Statistics on mental illness
In India, student suicides > farmer suicides.
Read that again.
The children we’re educating are dying faster than the farmers we’ve failed.
Last week, the Supreme Court issued nine binding directions to all 60,383 higher education institutions across India.
This came after three separate benches took notice of what they called a “disturbing pattern” of student deaths.
Over 13,000 student suicides every year. For people aged 15 to 29, suicide is either the highest or second-highest cause of death. Not accidents. Not illness. Suicide.
The Court didn’t just acknowledge the crisis. It broke down what’s actually killing students: Academic pressure isn’t vague anymore.
The Court identified rigid attendance policies, badly planned curriculum, faculty shortages, and overreliance on inexperienced guest faculty as direct contributors to student distress.
Financial stress is crushing students. Scholarship payments are delayed for months (which in turn adds pressure on patients to manage their finances).
Fees are being hiked aggressively. Last year, Jamia Millia Islamia and Aligarh Muslim University (AMU) saw mass protests. Delhi University hiked fees by 17% in six months.
Here’s the part that should embarrass every institution: 28% of teaching positions across India’s central universities, IITs, NITs, IIMs, and IISERs are vacant.

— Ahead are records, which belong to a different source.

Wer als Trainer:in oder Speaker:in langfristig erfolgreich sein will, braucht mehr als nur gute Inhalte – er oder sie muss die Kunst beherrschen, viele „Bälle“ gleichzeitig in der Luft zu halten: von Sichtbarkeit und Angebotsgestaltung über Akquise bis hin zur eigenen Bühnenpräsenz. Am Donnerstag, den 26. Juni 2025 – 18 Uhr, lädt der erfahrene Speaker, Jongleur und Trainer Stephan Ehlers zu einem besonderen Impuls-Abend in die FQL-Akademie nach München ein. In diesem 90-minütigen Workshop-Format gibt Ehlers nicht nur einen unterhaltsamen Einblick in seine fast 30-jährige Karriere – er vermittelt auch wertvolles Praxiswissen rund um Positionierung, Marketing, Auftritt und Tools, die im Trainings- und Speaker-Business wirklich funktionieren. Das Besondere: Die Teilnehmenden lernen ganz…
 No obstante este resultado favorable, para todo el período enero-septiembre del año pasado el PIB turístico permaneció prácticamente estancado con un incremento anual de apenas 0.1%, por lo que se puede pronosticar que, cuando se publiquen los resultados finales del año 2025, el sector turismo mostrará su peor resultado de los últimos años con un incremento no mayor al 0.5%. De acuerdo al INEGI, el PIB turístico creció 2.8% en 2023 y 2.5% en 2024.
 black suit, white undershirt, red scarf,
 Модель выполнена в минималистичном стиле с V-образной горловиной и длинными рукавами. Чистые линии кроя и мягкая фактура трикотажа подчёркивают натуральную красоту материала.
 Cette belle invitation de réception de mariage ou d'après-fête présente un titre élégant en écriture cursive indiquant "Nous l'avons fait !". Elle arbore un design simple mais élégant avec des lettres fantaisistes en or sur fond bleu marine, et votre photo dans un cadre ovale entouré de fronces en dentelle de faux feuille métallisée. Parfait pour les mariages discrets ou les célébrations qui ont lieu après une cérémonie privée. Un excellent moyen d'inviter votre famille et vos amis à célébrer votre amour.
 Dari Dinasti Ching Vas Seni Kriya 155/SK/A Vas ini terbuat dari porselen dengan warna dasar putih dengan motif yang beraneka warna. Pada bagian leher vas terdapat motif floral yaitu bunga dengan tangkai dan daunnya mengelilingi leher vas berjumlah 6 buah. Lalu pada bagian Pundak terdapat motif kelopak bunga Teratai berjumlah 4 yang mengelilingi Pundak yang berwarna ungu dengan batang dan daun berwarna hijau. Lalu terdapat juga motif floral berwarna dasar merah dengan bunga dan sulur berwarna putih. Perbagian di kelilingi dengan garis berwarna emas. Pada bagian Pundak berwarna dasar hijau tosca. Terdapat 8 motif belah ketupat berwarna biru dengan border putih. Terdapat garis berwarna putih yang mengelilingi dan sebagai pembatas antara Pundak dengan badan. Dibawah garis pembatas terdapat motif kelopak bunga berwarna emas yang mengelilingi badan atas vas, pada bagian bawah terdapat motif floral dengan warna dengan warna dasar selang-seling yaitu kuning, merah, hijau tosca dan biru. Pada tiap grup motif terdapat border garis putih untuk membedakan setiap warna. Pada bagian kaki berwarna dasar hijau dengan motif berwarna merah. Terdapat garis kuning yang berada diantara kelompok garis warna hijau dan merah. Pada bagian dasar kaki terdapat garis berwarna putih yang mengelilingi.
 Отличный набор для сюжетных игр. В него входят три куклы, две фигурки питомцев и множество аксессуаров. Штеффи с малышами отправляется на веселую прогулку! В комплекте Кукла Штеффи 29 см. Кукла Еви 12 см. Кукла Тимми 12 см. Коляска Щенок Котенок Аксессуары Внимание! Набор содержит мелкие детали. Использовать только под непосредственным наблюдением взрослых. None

Over half of those are professor-level roles. IIT Madras has 429 of 1100 positions empty. IIT Kharagpur? 822 of 1600.
Six public universities in Karnataka functioned without Vice Chancellors for over a year until late 2025.
Students are being crushed by a system running on empty.
The Court gave institutions four months to clear scholarship backlogs and fill critical vacancies. It also called out colleges for “individualizing” student suicides instead of taking institutional responsibility.
In 2017, S. Anitha scored 1176 out of 1200 in her state board exams. She fought NEET in the Supreme Court.
When the Court upheld the exam, her lawyer reportedly said “any further appeal can only be done to God.” A month later, 17-year-old Anitha died by suicide
The Court later acknowledged that life has become “a series of tests” for students and that competitive exams subject them to “relentless psychological pressure.”
Will institutions actually comply, or will this become another set of ignored guidelines?
Are we building an education system or a pressure cooker with a 13,000-student annual casualty rate?